_What the task requires_:
Each line in the material below must be transcribed exactly; no picture belongs in the copy.

_Data below_:
╭──

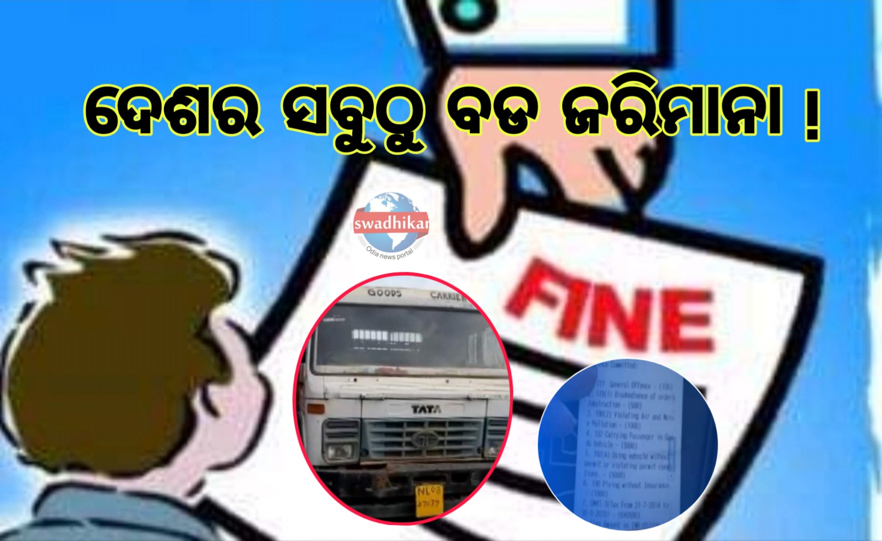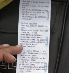 ଆଇନ ଉଲ୍ଲଂଘନ ପାଇଁ ୫୦୦ ଟଙ୍କା, ପ୍ରଦୂଷଣ ପ୍ରମାଣପତ୍ର ନଥିବାରୁ ୧୦୦୦ ଟଙ୍କା, ମାଲବାହୀ ଗାଡିରେ ଯାତ୍ରୀ ପରିବହନ କରୁଥିବାରୁ ୫ହଜାର, ପରମିଟ୍ ନଥିବାରୁ ୫ହଜାର, ବୀମା ସାର୍ଟିଫିକେଟ ନଥିବାରୁ ୧ହଜାର ଟଙ୍କା , ୨୧-୭- ୨୦୧୪ରୁ ୩୦-୯-୨୦୧୯ ପର୍ଯ୍ୟନ୍ତ ଓମଭିଟି -୩ ଟିକସ ବାବଦକୁ ୬ଲକ୍ଷ ୪୦ ହଜାର ୫୦୦ ଟଙ୍କା ଚାଲାଣ କାଟିଛି ସମ୍ବଲପୁର ଆରଟିଓ ।
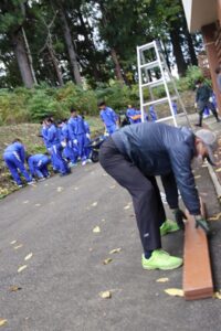 11月7日(金)の6時間目に全校で環境整備作業を行いました。生徒と保護者が協力して校舎周辺の落ち葉を集めたり、側溝の泥上げ作業を学年ごとに分担して実施しました。たまっていた落ち葉や泥を片付けるとと学校全体がすっきりしました.また、保護者のボランティアをお願いして体育館の冬囲いも行い,冬に備えた準備も進みました。
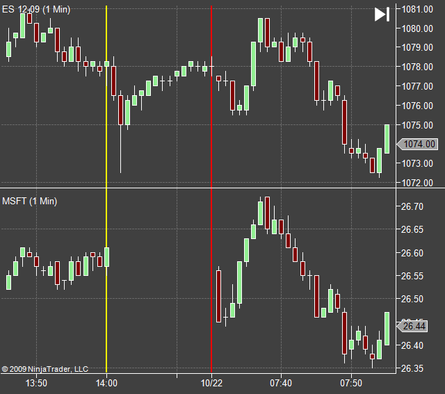 This is correct and expected. We changed this from the 1st bar of the session. In multi-series charts they are located at the actual time. I don't recall the reasoning for the change except that it had to be done.Originally posted by hemlock View PostIt appears the session break lines are being drawn on the prior bar. IB is the data feed.RayNinjaTrader Customer Service
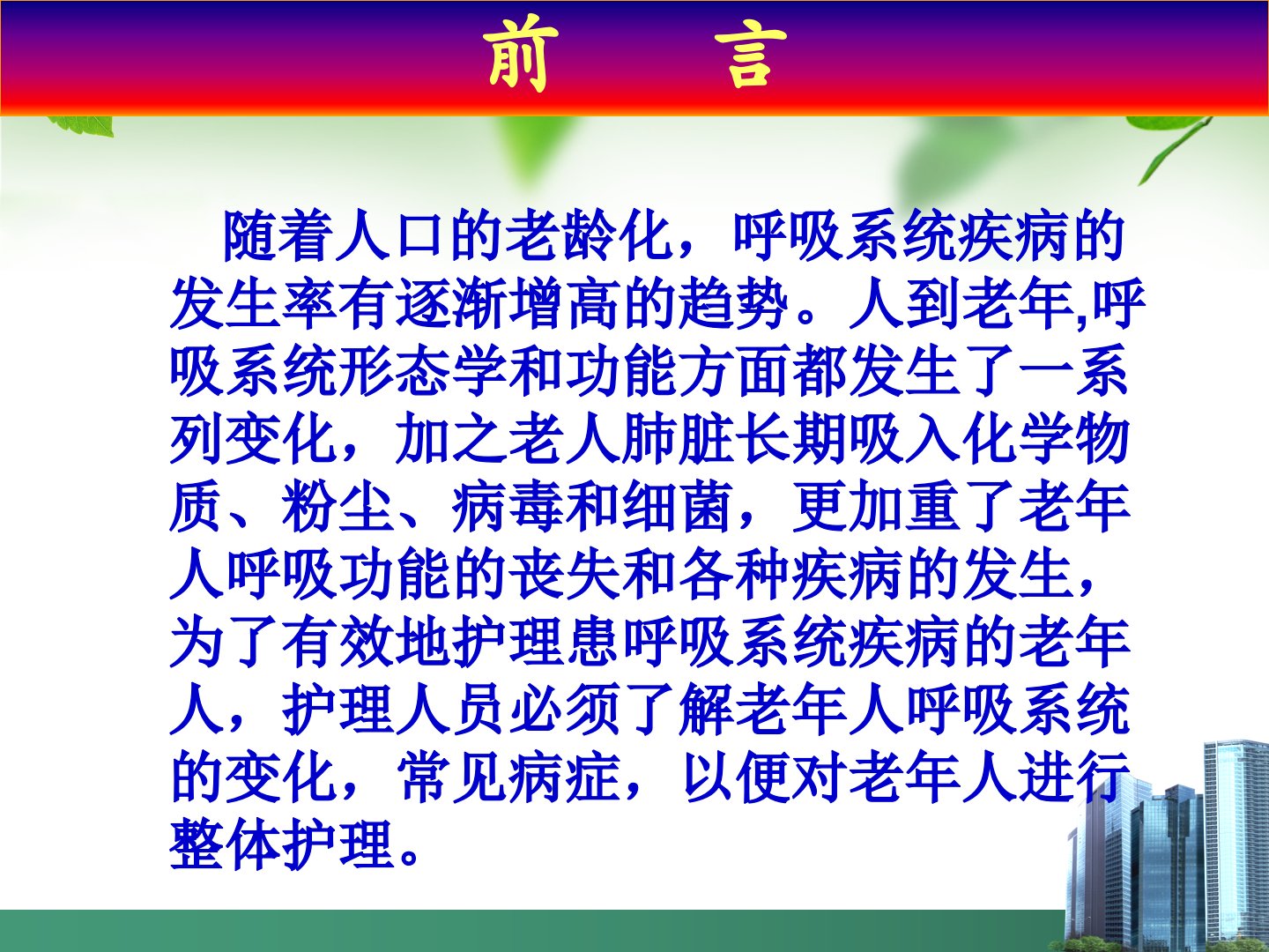 县人民医院内四科胡医生介绍了老年呼吸系统疾病护理新进展。随着老龄化呼吸系统疾病发生率上升老年人呼吸系统形态与功能变化加之长期吸入有害物质加重了呼吸功能丧失与疾病发生。为有效护理医护人员需了解老年呼吸系统变化及常见病症。老年慢性阻塞性肺病(COPD)是老年人最常见的呼吸系统疾病护理需评估患者意识、呼吸状况等并采取综合护理措施包括鼻导管持续低流量吸氧、有效排痰(有效咳嗽、胸部叩击、雾化疗法)、药物治疗(抗生素、支气管舒张剂等)、饮食护理(清淡易消化、高蛋白高维生素食物)及疾病知识指导。同时强调戒烟重要性提供戒烟方法。对于老年慢性支气管哮喘护理需提供安静舒适环境避免致敏原进行氧疗、药物护理、饮食指导及自我应急处理教育指导患者识别哮喘发作先兆学会简单紧急处理有效控制诱发因素。

╰──

_Task output_:
 ଆଇନ ଉଲ୍ଲଂଘନ ପାଇଁ ୫୦୦ ଟଙ୍କା, ପ୍ରଦୂଷଣ ପ୍ରମାଣପତ୍ର ନଥିବାରୁ ୧୦୦୦ ଟଙ୍କା, ମାଲବାହୀ ଗାଡିରେ ଯାତ୍ରୀ ପରିବହନ କରୁଥିବାରୁ ୫ହଜାର, ପରମିଟ୍ ନଥିବାରୁ ୫ହଜାର, ବୀମା ସାର୍ଟିଫିକେଟ ନଥିବାରୁ ୧ହଜାର ଟଙ୍କା , ୨୧-୭- ୨୦୧୪ରୁ ୩୦-୯-୨୦୧୯ ପର୍ଯ୍ୟନ୍ତ ଓମଭିଟି -୩ ଟିକସ ବାବଦକୁ ୬ଲକ୍ଷ ୪୦ ହଜାର ୫୦୦ ଟଙ୍କା ଚାଲାଣ କାଟିଛି ସମ୍ବଲପୁର ଆରଟିଓ ।
 11月7日(金)の6時間目に全校で環境整備作業を行いました。生徒と保護者が協力して校舎周辺の落ち葉を集めたり、側溝の泥上げ作業を学年ごとに分担して実施しました。たまっていた落ち葉や泥を片付けるとと学校全体がすっきりしました.また、保護者のボランティアをお願いして体育館の冬囲いも行い,冬に備えた準備も進みました。
 This is correct and expected. We changed this from the 1st bar of the session. In multi-series charts they are located at the actual time. I don't recall the reasoning for the change except that it had to be done.Originally posted by hemlock View PostIt appears the session break lines are being drawn on the prior bar. IB is the data feed.RayNinjaTrader Customer Service
 县人民医院内四科胡医生介绍了老年呼吸系统疾病护理新进展。随着老龄化呼吸系统疾病发生率上升老年人呼吸系统形态与功能变化加之长期吸入有害物质加重了呼吸功能丧失与疾病发生。为有效护理医护人员需了解老年呼吸系统变化及常见病症。老年慢性阻塞性肺病(COPD)是老年人最常见的呼吸系统疾病护理需评估患者意识、呼吸状况等并采取综合护理措施包括鼻导管持续低流量吸氧、有效排痰(有效咳嗽、胸部叩击、雾化疗法)、药物治疗(抗生素、支气管舒张剂等)、饮食护理(清淡易消化、高蛋白高维生素食物)及疾病知识指导。同时强调戒烟重要性提供戒烟方法。对于老年慢性支气管哮喘护理需提供安静舒适环境避免致敏原进行氧疗、药物护理、饮食指导及自我应急处理教育指导患者识别哮喘发作先兆学会简单紧急处理有效控制诱发因素。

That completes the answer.